Thursday, February 16, 2012 - 15:05 , Location: Skyles 006 , Oren Louidor , UCLA , Organizer: Karim Lounici
We consider random walks on Z^d among nearest-neighbor random conductances which are i.i.d., positive, bounded uniformly from above but which can be arbitrarily close to zero. Our focus is on the detailed properties of the paths of the random walk conditioned to return back to the starting point after time 2n. We show that in the situations when the heat kernel exhibits subdiffusive behavior --- which is known to be possible in dimensions d \geq 4-- the walk gets trapped for time of order n in a small spatial region. This proves that the strategy used to infer subdiffusive lower bounds on the heat kernel in earlier studies of this problem is in fact dominant. In addition, we settle a conjecture on the maximal possible subdiffusive decay in four dimensions and prove that anomalous decay is a tail and thus zero-one event. Joint work with Marek Biskup, Alexander Vandenberg and Alexander Rozinov.
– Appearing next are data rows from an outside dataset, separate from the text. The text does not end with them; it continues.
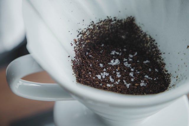 いつものように豆を挽いて、ご自身でコーヒーを淹れてください。その時『お湯を注ぐ前に』豆の上にお塩をひとつまみ振りかけてください。
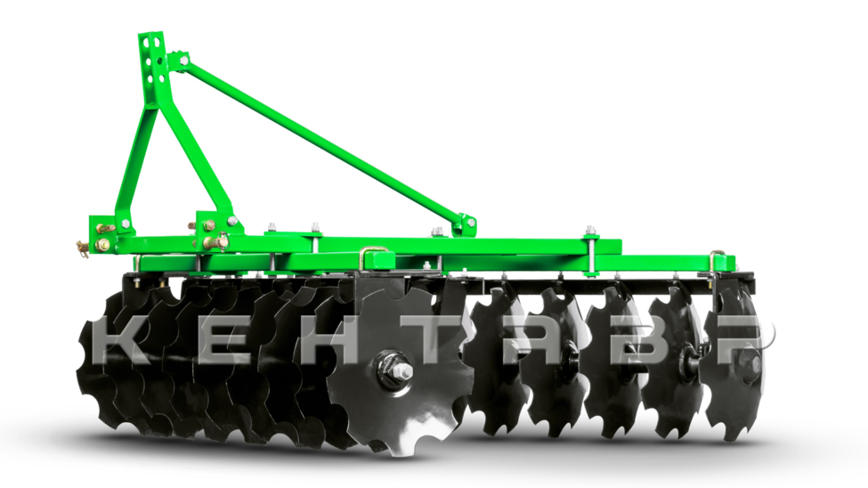 Рабочий орган — вырезные (зубчатые) диски диаметром 460 мм, рассчитанные на уверенное резание дернины и измельчение растительных остатков. Зубчатая кромка улучшает «вход» в почву, снижая требуемое тяговое усилие на плотных участках. Диски выполнены из износостойкой пружинной стали с термообработкой, что повышает сопротивление нагрузкам и абразивному износу при работе по сухим и тяжёлым почвам.
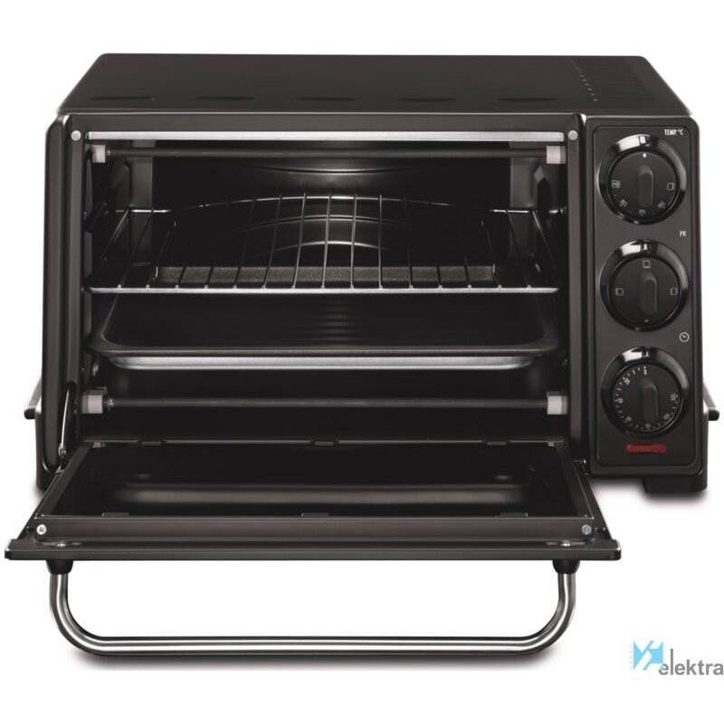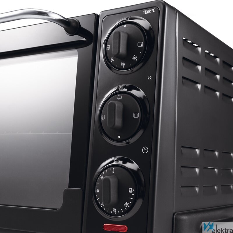 | Otras características | 4 funciones de cocción: cocina tradicional, cocina delicada; parrilla y mantener caliente; Capacidad interna de 20 litros para cacerola circular de Ø30cm; Revestimiento de cavidad antiadherente; Temporizador de 120 minutos con apagado automático y campana que avisa cuando estos se alcanzan; 6 - 220°C Termostato ajustable; Doble puerta de cristal; Luz indicadora de encendido apagado; Bandeja extraíble para recoger las migas y garantizar una fácil limpieza; Accesorios: 1 rejilla de alambre, 1 sartén rectangular de hornear, 1 bandeja para recoger las migas; Acabado en negro. |
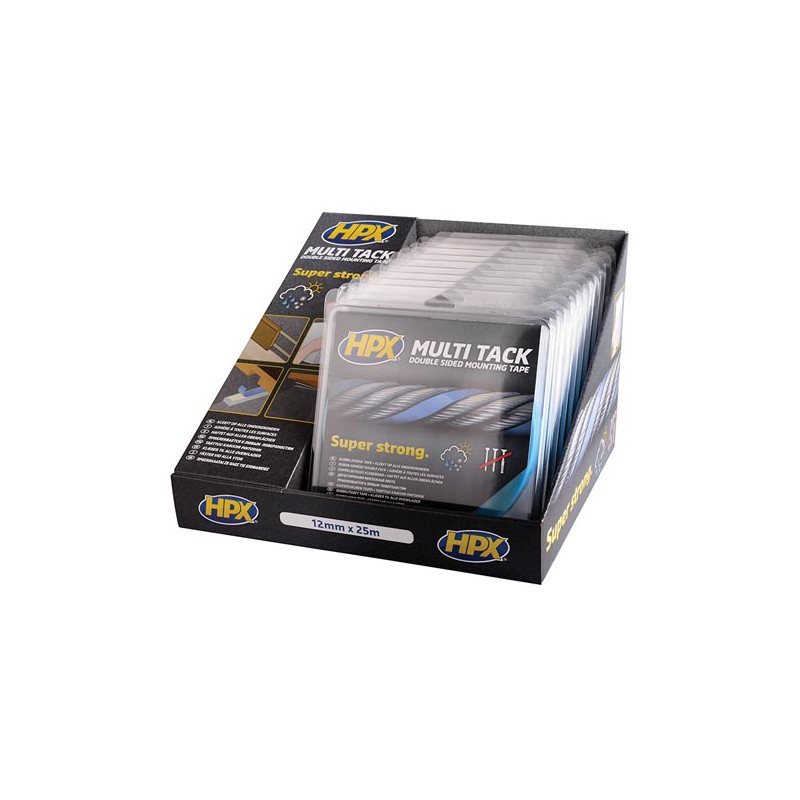 Presentoir avec 10x ruban adhesif double face multi-tack - semi-transparent - 12 mm x 25 m

Thursday, February 9, 2012 - 15:05 , Location: Skyles 006 , Fabrice Baudoin , University of Purdue , Organizer: Karim Lounici
Let $\M$ be a smooth connected manifold endowed with a smooth measure $\mu$ and a smooth locally subelliptic diffusion operator $L$ which is symmetric with respect to $\mu$. We assume that $L$ satisfies a generalized curvature dimension inequality as introduced by Baudoin-Garofalo \cite{BG1}. Our goal is to discuss functional inequalities for $\mu$ like the Poincar\'e inequality, the log-Sobolev inequality or the Gaussian logarithmic isoperimetric inequality.
Thursday, January 26, 2012 - 15:05 , Location: Skiles 006 , Jon Hosking , IBM Research Division, T. J. Watson Research Center , Organizer: Liang Peng
L-moments are expectations of certain linear combinations of order statistics. They form the basis of a general theory which covers the summarization and description of theoretical probability distributions, the summarization and description of observed data samples, estimation of parameters and quantiles of probability distributions, and hypothesis tests for probability distributions. L-moments are in analogous to the conventional moments, but are more robust to outliers in the data and enable more secure inferences to be made from small samples about an underlying probability distribution. They can be used for estimation of parametric distributions, and can sometimes yield more efficient parameter estimates than the maximum-likelihood estimates. This talk gives a general summary of L-moment theory and methods, describes some applications ranging from environmental data analysis to financial risk management, and indicates some recent developments on nonparametric quantile estimation, "trimmed" L-moments for very heavy-tailed distributions, and L-moments for multivariate distributions.